Raw data –
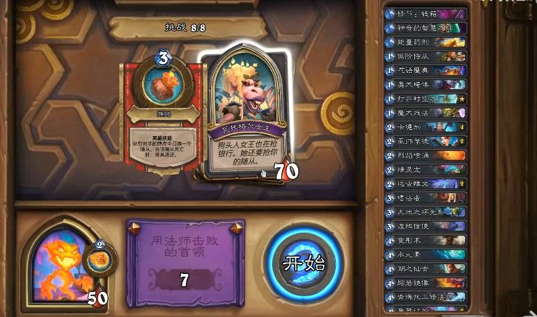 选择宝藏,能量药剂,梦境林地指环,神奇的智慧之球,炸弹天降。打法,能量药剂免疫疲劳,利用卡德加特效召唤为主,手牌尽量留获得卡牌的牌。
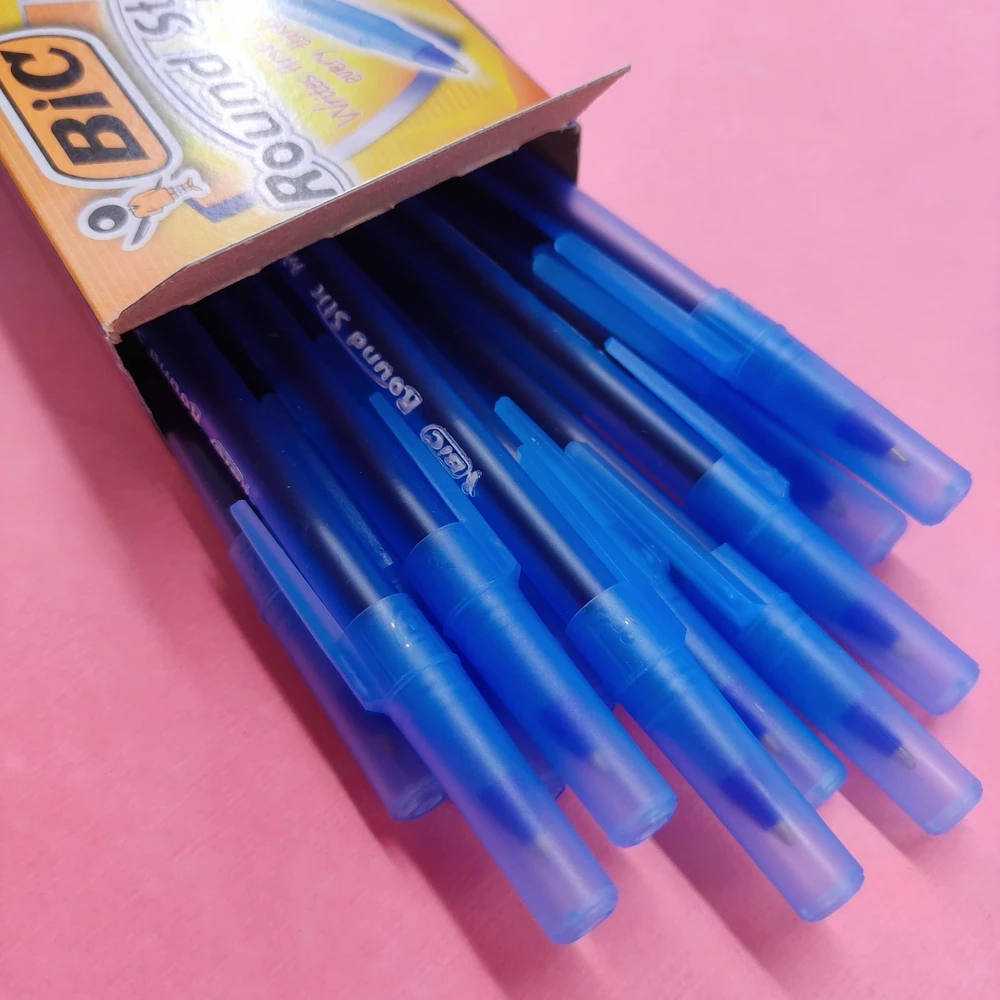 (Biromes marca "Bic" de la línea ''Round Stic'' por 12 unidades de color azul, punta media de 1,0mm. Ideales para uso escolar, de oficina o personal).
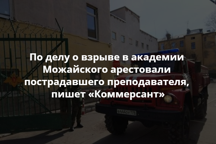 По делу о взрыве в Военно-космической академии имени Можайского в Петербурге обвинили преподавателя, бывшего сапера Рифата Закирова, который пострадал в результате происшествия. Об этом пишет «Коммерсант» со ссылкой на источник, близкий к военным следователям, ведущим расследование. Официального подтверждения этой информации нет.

Try it – Write the listing above out again exactly, but not the images it holds.

Written answer –
 选择宝藏,能量药剂,梦境林地指环,神奇的智慧之球,炸弹天降。打法,能量药剂免疫疲劳,利用卡德加特效召唤为主,手牌尽量留获得卡牌的牌。
 (Biromes marca "Bic" de la línea ''Round Stic'' por 12 unidades de color azul, punta media de 1,0mm. Ideales para uso escolar, de oficina o personal).
 По делу о взрыве в Военно-космической академии имени Можайского в Петербурге обвинили преподавателя, бывшего сапера Рифата Закирова, который пострадал в результате происшествия. Об этом пишет «Коммерсант» со ссылкой на источник, близкий к военным следователям, ведущим расследование. Официального подтверждения этой информации нет.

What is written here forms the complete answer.